Is the family court system really broken?
Australia’s family court system is by no means perfect. It just might not be broken in the way that you think it is. The Australian Law Reform Commission recently released its latest report on the health of Australia’s family court system. Culminating in a monolithic 500+ page report, the results were nothing short of damning, if not surprising. Some of the recommendations included:
- simplifying the family law legislation,
- introducing a starting presumption of ’50/50 contributions’ to all family property and financial separation matters, and
- abolition of the federal family law system, and giving all family law powers back to the states.
While these recommendations seem drastic, they are hardly new to the Australian context. For example, Commonwealth Attorney-General, Christian Porter, just last year called for the merging of the Family Court with the Federal Circuit Court. If his efforts were successful, this would have resulted in the scaling back of the Family Court. Instead, a single point-of-entry would be responsible for all low-level federal matters. This would effectively eliminate any specialist entity devoted to family law matters.
Ultimately, this proposal proved unpopular with the community and legal profession-at-large. As of this writing, efforts to push this through appear to have abated (for the meantime).
Calls for reform keep missing the core issues
Reform proposals often acknowledge the backlogs and pressures that exist within the current Family Law system. However, by focussing solely on trying to “fix the system”, these reforms often fail to address the critical issue of under-resourcing. As it relates to family law reform, the tendency is for governments (of both persuasions) to cut funds to family breakdown specialists, including family lawyers.

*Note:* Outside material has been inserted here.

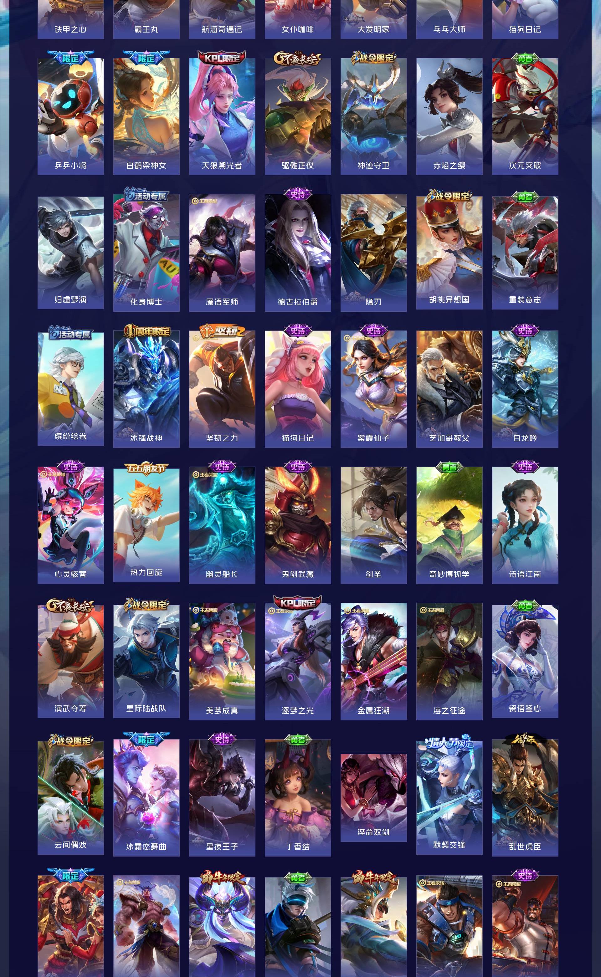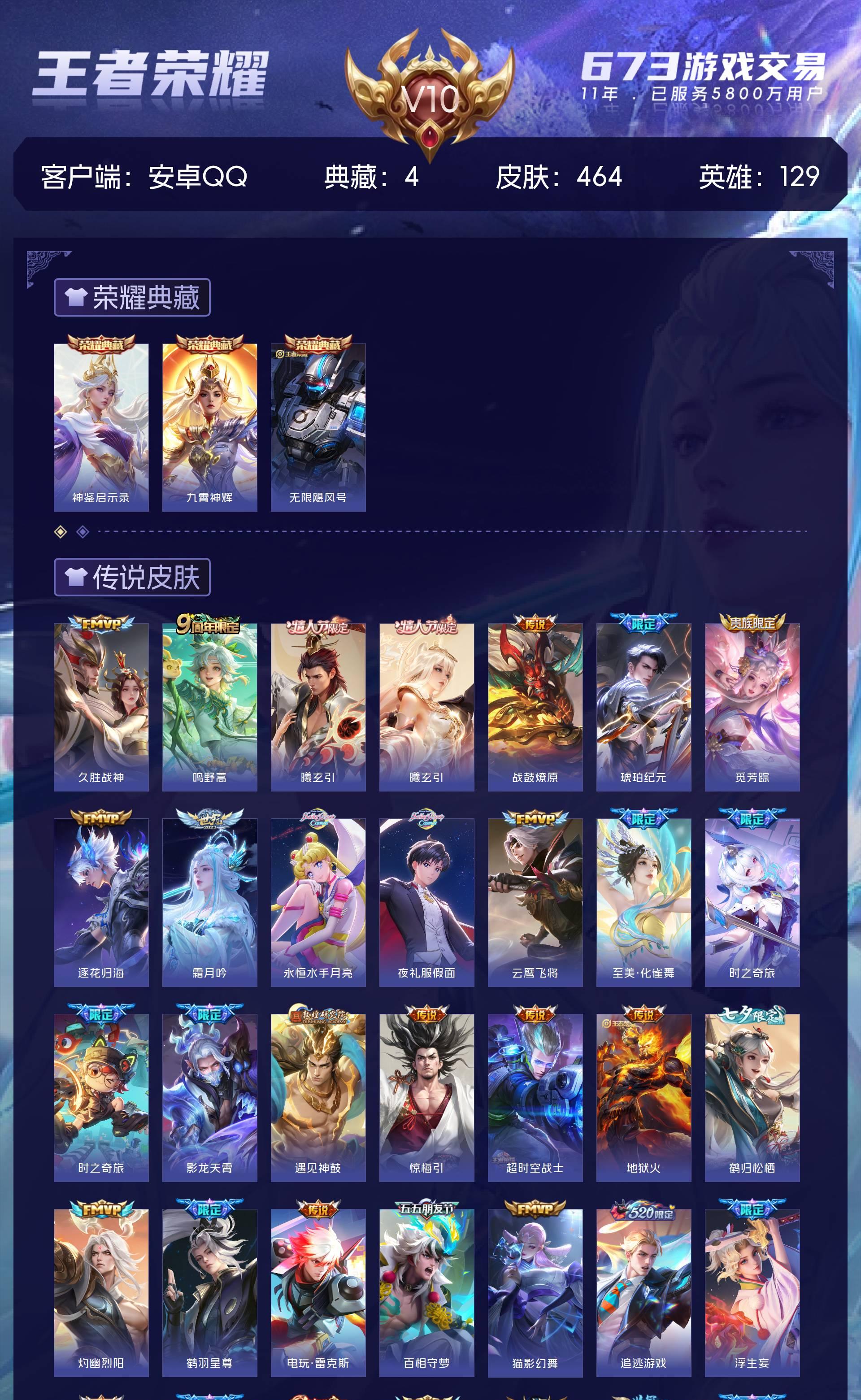 V10 皮肤464 英雄129 至尊星耀 荣耀典藏4 传说68 其他皮肤395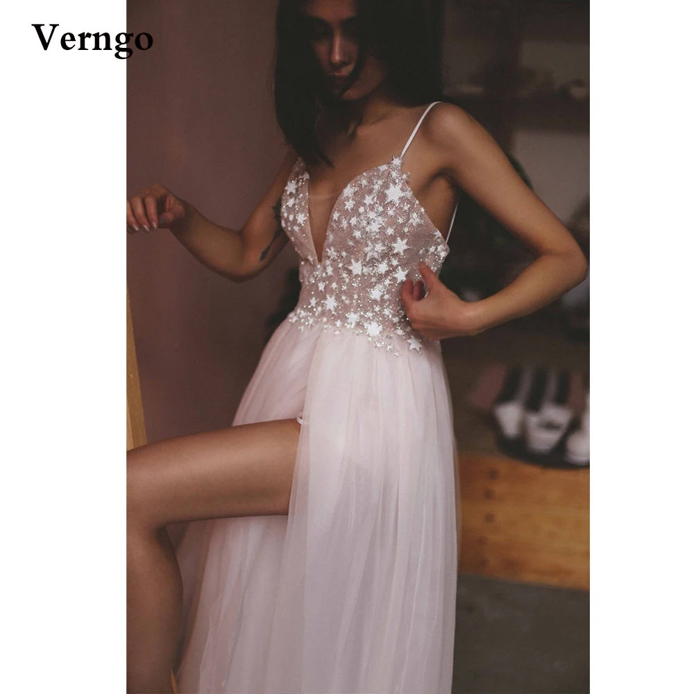 Пляжное свадебное платье из фатина с блестящими звездами Verngo, Привлекательное платье на бретелях-спагетти с разрезом, женское платье для событий

Beyond “flat-lining” Family Court funding, with the consequent blow-out in family court lead-times, services like legal aid and community legal centres continue to experience funding cuts. These important services are currently receiving some of the lowest amounts they’ve had in decades. Unfortunately these funding cuts continue to happen despite the persistent increases in both population growth and family breakdown in Australia.
We hope that a report of this magnitude highlights that the current capacity issues within the family law system. We will continue to urge policymakers and legislators to recognise the critical importance of resourcing the current system.